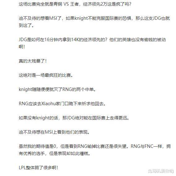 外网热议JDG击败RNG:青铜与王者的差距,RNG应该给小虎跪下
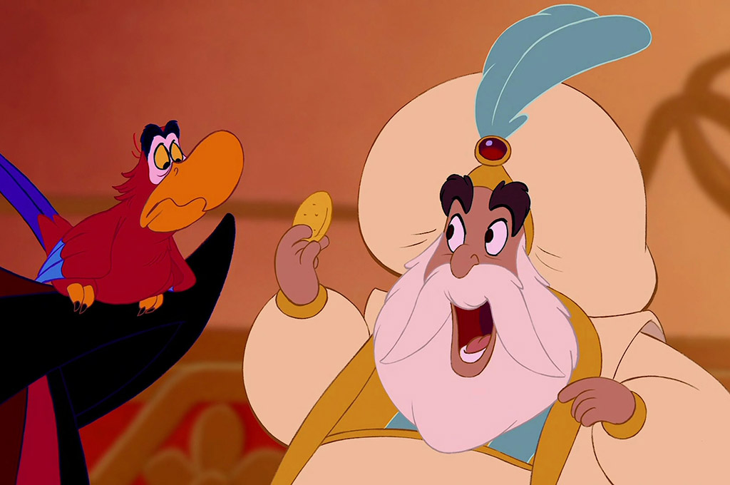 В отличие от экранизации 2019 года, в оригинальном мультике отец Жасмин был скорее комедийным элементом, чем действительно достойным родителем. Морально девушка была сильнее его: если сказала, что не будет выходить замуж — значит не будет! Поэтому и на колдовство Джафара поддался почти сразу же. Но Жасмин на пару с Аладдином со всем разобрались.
+++
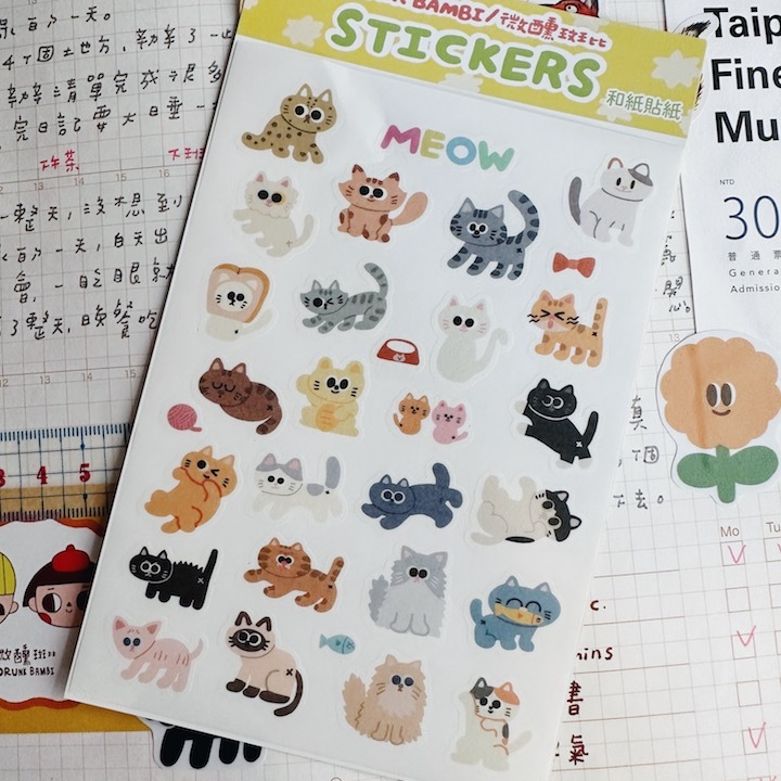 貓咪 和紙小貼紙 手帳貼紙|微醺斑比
+++
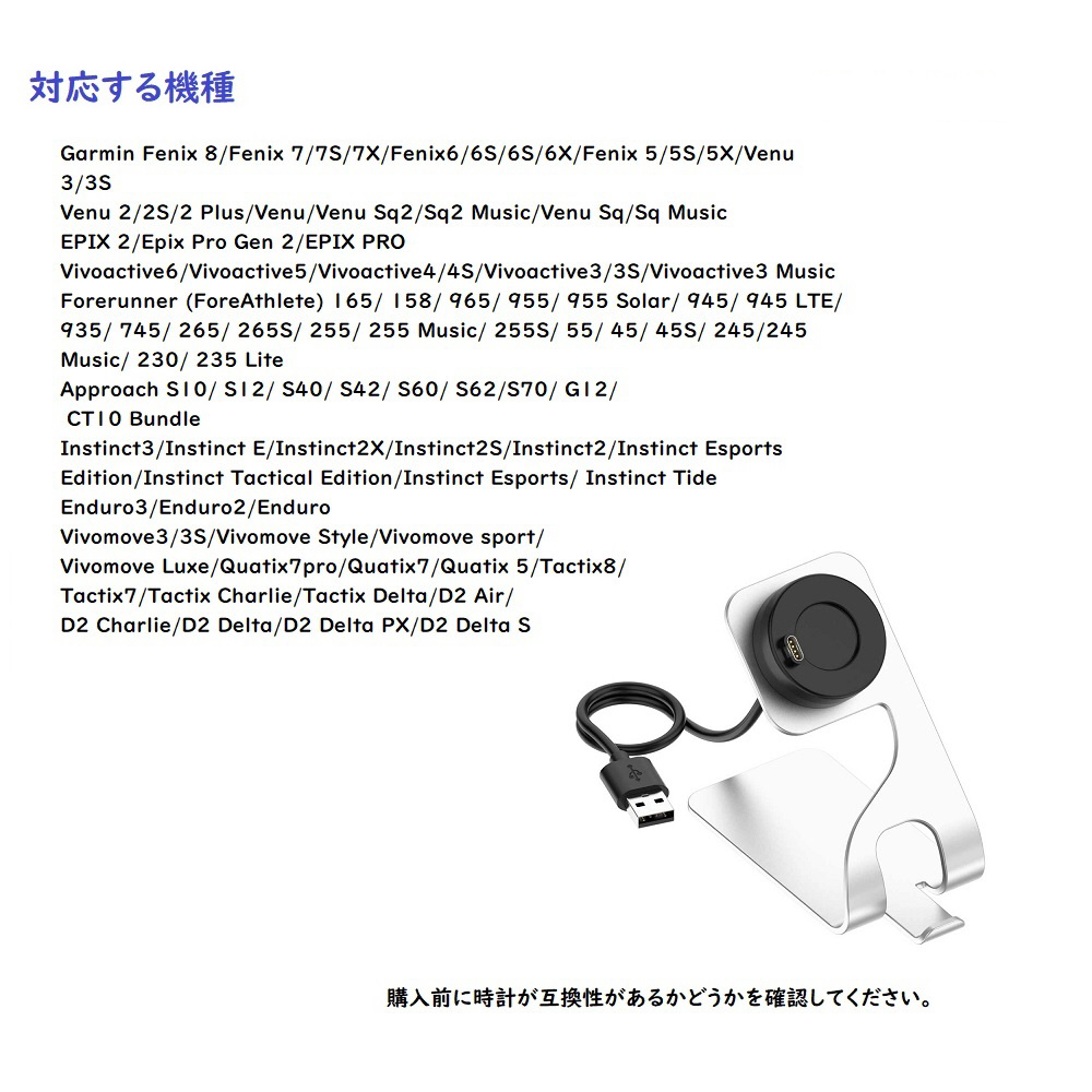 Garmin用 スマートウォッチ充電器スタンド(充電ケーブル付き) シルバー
+++
Exact copy, no pictures. Write out the lines in the entries above, starting with the line with "外网热议JDG击败RNG:青铜与王者的差距,RNG应该给小虎跪下" and going on through the line with "В отличие от", keeping both.

 外网热议JDG击败RNG:青铜与王者的差距,RNG应该给小虎跪下
 В отличие от экранизации 2019 года, в оригинальном мультике отец Жасмин был скорее комедийным элементом, чем действительно достойным родителем. Морально девушка была сильнее его: если сказала, что не будет выходить замуж — значит не будет! Поэтому и на колдовство Джафара поддался почти сразу же. Но Жасмин на пару с Аладдином со всем разобрались.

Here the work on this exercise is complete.